After saying all that, what have we said, my God, my life, my holy sweetness? What does anyone who speaks of you really say? Yet woe betide those who fail to speak, while the chatterboxes go on saying nothing.

5, 5. Who will grant me to find peace in you? Who will grant me this grace, that you would come into my heart and inebriate it, enabling me to forget the evils that beset me and embrace you, my only good? What are you to me? Have mercy on me, so that I may tell. What indeed am I to you, that you should command me to love you, and grow angry with me if I do not, and threaten me with enormous woes? Is not the failure to love you woe enough in itself? Alas for me! Through your own merciful dealings with me, O Lord my God, tell me what you are to me. Say to my soul, I am your salvation. Say it so that I can hear it. My heart is listening, Lord; open the ears of my heart and say to my soul, I am your salvation. Let me run toward this voice and seize hold of you. Do not hide your face from me: let me die so that I may see it, for not to see it would be death to me indeed.

6. The house of my soul is too small for you to enter: make it more spacious by your coming. It lies in ruins: rebuild it. Some things are to be found there which will offend your gaze; I confess this to be so and know it well. But who will clean my house? To whom but yourself can I cry, Cleanse me of my hidden sins, O Lord, and for those incurred through others pardon your servant? I believe, and so I will speak You know everything, Lord. Have I not laid my own transgressions bare before you to my own condemnation, my God, and have you not forgiven the wickedness of my heart ? I do not argue my case against you, for you are truth itself; nor do I wish to deceive myself, lest my iniquity be caught in its own lies. No, I do not argue the case with you, because if you, Lord, keep the score of our iniquities, then who, Lord, can bear it?
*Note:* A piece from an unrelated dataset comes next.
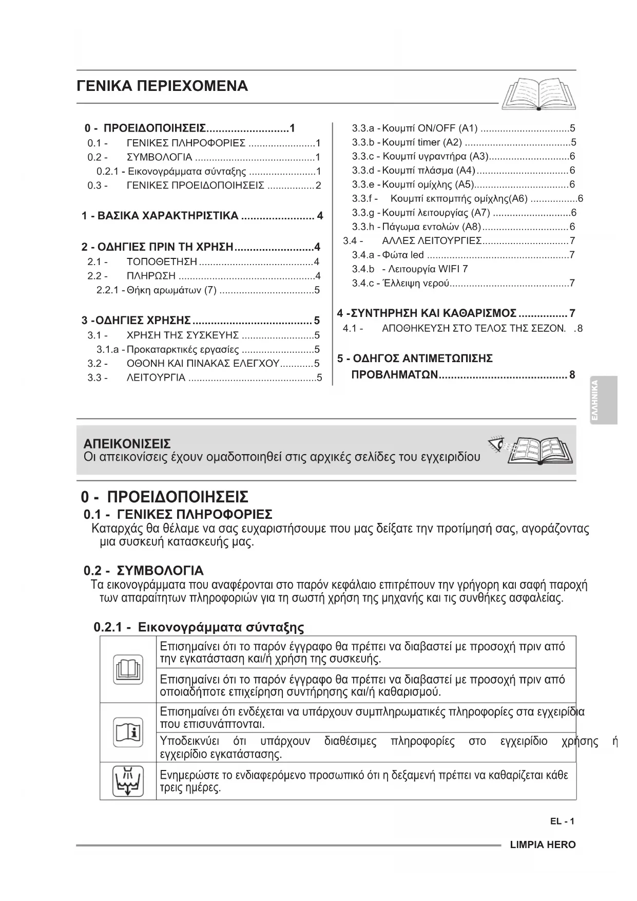 Επισημαίνειότιτοπαρόνέγγραφοθαπρέπειναδιαβαστείμεπροσοχήπριναπό τηνεγκατάστασηκαι/ήχρήσητηςσυσκευής. Επισημαίνειότιτοπαρόνέγγραφοθαπρέπειναδιαβαστείμεπροσοχήπριναπό οποιαδήποτεεπιχείρησησυντήρησηςκαι/ήκαθαρισμού. Επισημαίνειότιενδέχεταιναυπάρχουνσυμπληρωματικέςπληροφορίεςσταεγχειρίδια πουεπισυνάπτονται. Υποδεικνύει ότι υπάρχουν διαθέσιμες πληροφορίες στο εγχειρίδιο χρήσης ή στο εγχειρίδιοεγκατάστασης. Ενημερώστετοενδιαφερόμενοπροσωπικόότιηδεξαμενήπρέπεινακαθαρίζεταικάθε τρειςημέρες. ΓΕΝΙΚΑ ΠΕΡΙΕΧΟΜΕΝΑ ΑΠΕΙΚΟΝΙΣΕΙΣ Οιαπεικονίσειςέχουνομαδοποιηθείστιςαρχικέςσελίδεςτουεγχειριδίου

6, 7. Yet allow me to speak, though I am but dust and ashes, allow me to speak in your merciful presence, for it is to your mercy that I address myself, not to some man who would mock me. Perhaps you too are laughing at me, but still you will turn mercifully toward me, for what is it that I am trying to say, Lord, except that I do not know whence I came into this life that is but a dying, or rather, this dying state that leads to life? I do not know where I came from. But this I know, that I was welcomed by the tender care your mercy provided for me, for so I have been told by the parents who gave me life according to the flesh, those parents through whose begetting and bearing you formed me within time, although I do not remember it myself. The comforts of human milk were waiting for me, but my mother and my nurses did not fill their own breasts; rather you gave me an infant's nourishment through them in accordance with your plan, from the riches deeply hidden in creation. You restrained me from craving more than you provided, and inspired in those who nurtured me the will to give me what you were giving them, for their love for me was patterned on your law, and so they wanted to pass on to me the overflowing gift they received from you. It was a bounty for them, and a bounty for me from them; or, rather, not from them but only through them, for in truth all good things are from you, O God. Everything I need for health and salvation flows from my God. This I learned later as you cried the truth aloud to me through all you give me, both within and without. At that time I knew only how to suck and be deliciously comforted, and how to cry when anything hurt my body, but no more.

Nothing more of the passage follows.